The results of the study are displayed in the form of a two-dimensional graph, which makes it possible to fully assess the quality of left ventricular functioning. Interpretation of the results includes an assessment of the degree of thickening and mobility of the heart muscle tissue in individual areas.

A preliminary analysis of the graphs is carried out by a specialist immediately after their registration. After the screening is completed, the cardiologist can view a video recording of diagnostic indicators in slow motion. The obtained data is stored on disks, creating an information base for the patient with further assessment of the dynamics of heart performance indicators.
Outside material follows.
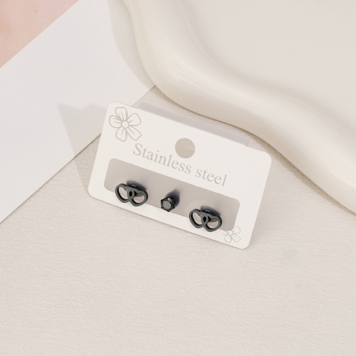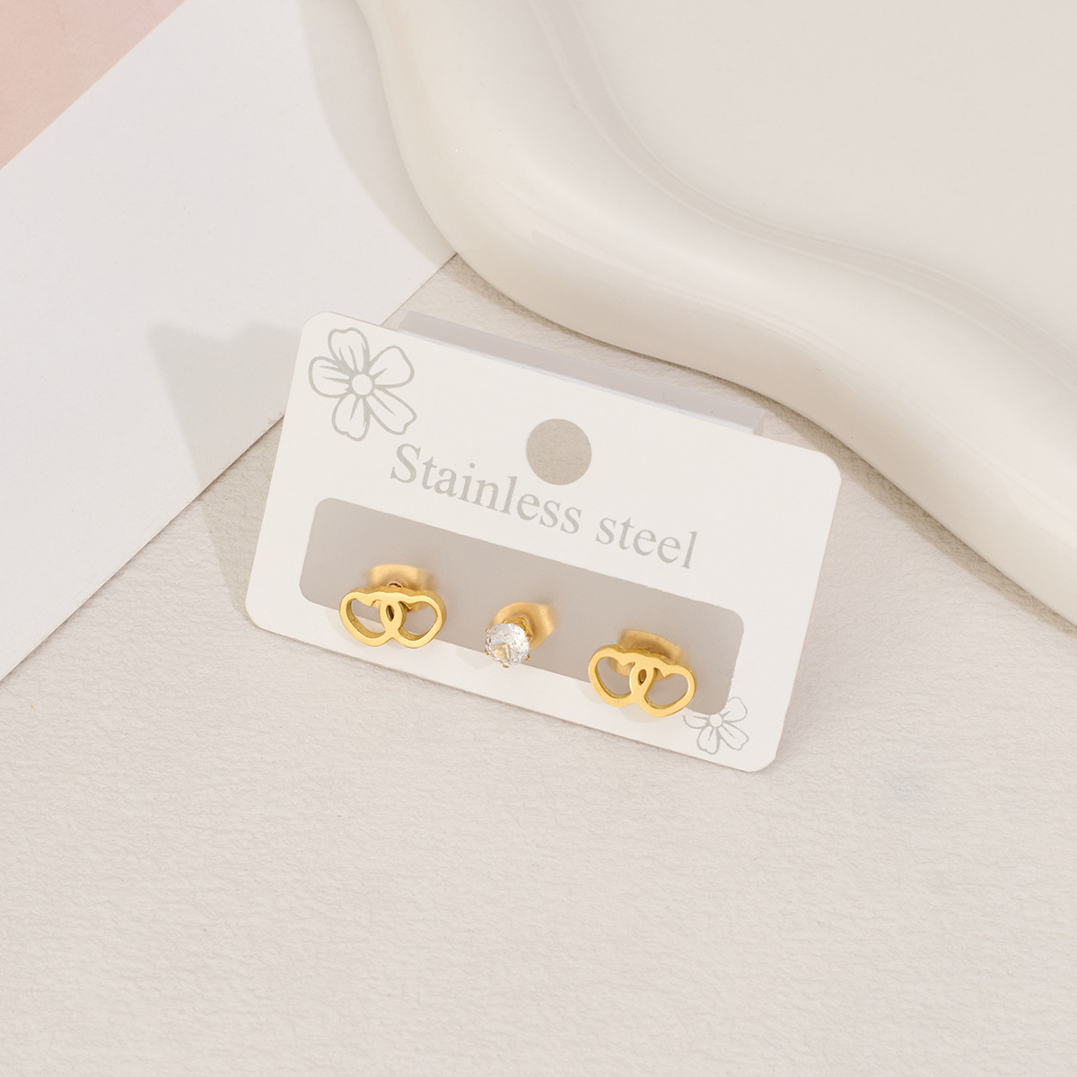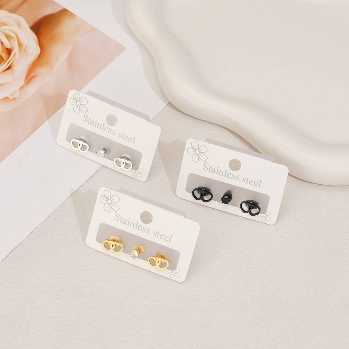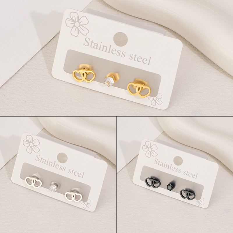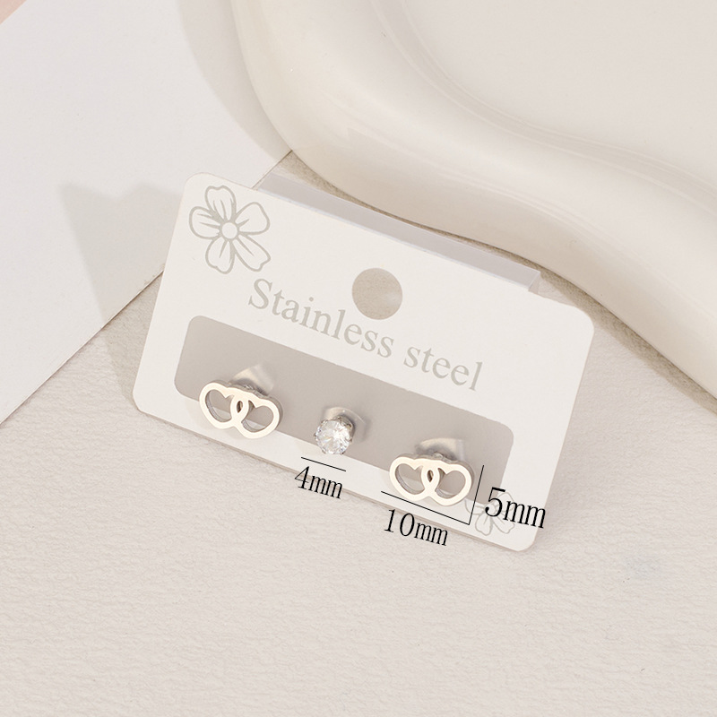 Boucle en acier inoxydable zircons cubiques, Acier inoxydable 304, avec zircon cubique, coeur, Placage, trois pièces & unisexe & creux, plus de couleurs à choisir, Vendu par fixé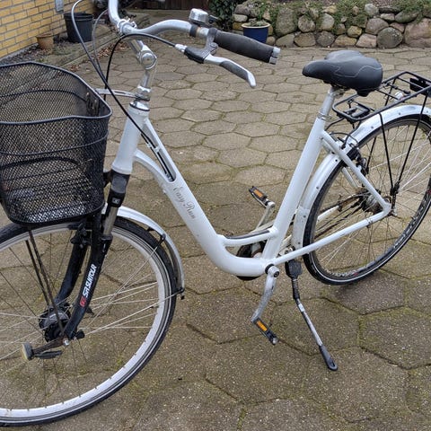 Sølvfarvet med 7 gear som trænger til justering, stel str 52 cm, hjul str 28"/700c, står i Herfølge

Thus, stress echocardiography is a modern method for diagnosing coronary artery disease. The study allows us to determine the initial stage of the disease, when other methods reveal low effectiveness. However, before the procedure, possible cardiac complications associated with excessive load on the organ should be taken into account.

Possible complications

In principle, ultrasound examination of the heart is absolutely safe, but in stress echocardiography technology complications are possible that are associated specifically with the action of stress “provocateurs”. And although they do not occur so often, they can be quite serious:

  • headache, dizziness;
  • shortness of breath, feeling of lack of air;
  • heart rhythm disturbances - extrasystole, tachyarrhythmia and even ventricular fibrillation;
  • acute coronary syndrome - narrowing of the heart arteries, pre-infarction condition.

Complications are, as they say, “rare, but not unknown,” requiring resuscitation or surgical intervention on the heart vessels. Therefore, before the procedure, as before the operation, the patient must give consent and sign an official document.